There is a danger that the whole emphasis of trial can shift to out of court statements not to the in court ones, here with a rather weak charge of fabrication the government was permitted to present a parade of sympathetic and credible witnesses, who did no more then recount the complaint witnesses out of court statements.
Courts must be sensitive to the difficulties attended upon the prosecution of alleged child abusers.

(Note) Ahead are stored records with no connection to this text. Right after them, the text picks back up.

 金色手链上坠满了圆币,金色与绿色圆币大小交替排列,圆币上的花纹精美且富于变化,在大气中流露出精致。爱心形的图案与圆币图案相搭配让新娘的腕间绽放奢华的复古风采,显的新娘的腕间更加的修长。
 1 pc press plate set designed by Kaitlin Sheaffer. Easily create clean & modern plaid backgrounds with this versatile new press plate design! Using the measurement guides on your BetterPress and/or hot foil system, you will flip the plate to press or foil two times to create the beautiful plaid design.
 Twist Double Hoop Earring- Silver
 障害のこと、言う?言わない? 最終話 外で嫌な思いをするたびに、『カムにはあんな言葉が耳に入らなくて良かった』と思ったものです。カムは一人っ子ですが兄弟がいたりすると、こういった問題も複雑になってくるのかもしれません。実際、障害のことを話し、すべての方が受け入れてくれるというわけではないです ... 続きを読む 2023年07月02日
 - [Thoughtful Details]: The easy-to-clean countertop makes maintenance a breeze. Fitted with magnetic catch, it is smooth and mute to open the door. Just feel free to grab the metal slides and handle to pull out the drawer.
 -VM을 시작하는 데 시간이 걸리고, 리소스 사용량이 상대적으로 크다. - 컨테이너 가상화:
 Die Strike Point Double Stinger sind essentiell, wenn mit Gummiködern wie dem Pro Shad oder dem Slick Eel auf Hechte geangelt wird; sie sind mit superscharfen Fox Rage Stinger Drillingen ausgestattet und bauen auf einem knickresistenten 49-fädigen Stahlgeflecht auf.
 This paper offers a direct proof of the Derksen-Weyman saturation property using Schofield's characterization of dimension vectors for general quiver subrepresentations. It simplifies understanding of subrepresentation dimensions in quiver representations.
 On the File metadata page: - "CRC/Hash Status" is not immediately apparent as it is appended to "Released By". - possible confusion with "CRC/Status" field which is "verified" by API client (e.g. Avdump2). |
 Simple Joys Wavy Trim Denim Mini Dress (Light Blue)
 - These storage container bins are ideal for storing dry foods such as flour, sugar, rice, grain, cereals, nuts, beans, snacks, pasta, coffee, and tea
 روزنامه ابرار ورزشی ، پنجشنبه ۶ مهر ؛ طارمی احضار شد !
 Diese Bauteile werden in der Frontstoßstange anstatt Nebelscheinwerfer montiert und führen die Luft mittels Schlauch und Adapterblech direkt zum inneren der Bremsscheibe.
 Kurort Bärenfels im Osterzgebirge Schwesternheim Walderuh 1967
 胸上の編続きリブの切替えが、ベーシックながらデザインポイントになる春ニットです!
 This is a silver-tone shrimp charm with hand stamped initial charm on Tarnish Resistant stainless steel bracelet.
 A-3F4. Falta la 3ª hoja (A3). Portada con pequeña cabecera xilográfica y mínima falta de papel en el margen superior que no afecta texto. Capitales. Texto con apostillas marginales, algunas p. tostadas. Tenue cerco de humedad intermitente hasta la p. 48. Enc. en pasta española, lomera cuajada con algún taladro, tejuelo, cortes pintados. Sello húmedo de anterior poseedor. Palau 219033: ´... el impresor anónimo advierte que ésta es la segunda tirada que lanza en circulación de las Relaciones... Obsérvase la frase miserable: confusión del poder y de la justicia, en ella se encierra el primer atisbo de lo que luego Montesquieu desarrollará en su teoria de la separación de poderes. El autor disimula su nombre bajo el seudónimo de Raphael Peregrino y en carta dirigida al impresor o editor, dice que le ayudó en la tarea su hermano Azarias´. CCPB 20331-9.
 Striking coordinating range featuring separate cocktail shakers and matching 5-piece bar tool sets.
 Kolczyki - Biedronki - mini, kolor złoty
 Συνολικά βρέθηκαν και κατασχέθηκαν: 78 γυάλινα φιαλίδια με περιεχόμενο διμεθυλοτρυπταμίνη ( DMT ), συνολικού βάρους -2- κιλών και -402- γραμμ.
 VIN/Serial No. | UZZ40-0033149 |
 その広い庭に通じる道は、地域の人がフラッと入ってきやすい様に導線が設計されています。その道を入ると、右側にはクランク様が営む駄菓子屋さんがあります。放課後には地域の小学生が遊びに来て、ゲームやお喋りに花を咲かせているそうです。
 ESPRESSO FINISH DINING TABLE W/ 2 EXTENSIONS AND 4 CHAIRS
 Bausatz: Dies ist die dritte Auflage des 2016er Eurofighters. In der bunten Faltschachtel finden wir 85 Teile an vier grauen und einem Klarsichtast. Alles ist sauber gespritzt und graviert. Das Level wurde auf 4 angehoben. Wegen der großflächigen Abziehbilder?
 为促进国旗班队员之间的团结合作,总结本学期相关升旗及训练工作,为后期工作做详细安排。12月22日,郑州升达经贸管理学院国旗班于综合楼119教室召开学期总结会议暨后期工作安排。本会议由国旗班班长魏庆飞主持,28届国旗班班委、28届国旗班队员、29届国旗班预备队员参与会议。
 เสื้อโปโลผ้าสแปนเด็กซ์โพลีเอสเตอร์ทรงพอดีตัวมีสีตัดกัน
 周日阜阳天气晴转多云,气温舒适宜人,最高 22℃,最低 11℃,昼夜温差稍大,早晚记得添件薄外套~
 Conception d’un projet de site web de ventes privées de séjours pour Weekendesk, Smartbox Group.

We cannot alter evidentiary rules for the particular classes of cases, we intimate no view, however concerning the admissibility of any of the out of court statements and questions under other sections of the evidence court.
These matters are for the Court of Appeals to decide in the first instance.
Judgment for the Court of Appeals for the Tenth Circuit is reversed and the case is remanded for further proceedings.
Justice Scalia joins all but Part II-B of the opinion for the court and has filed a separate concurring opinion.
Justice Breyer has filed a dissenting opinion in which the Chief Justice, Justice O?Connor and Justice Thomas joins.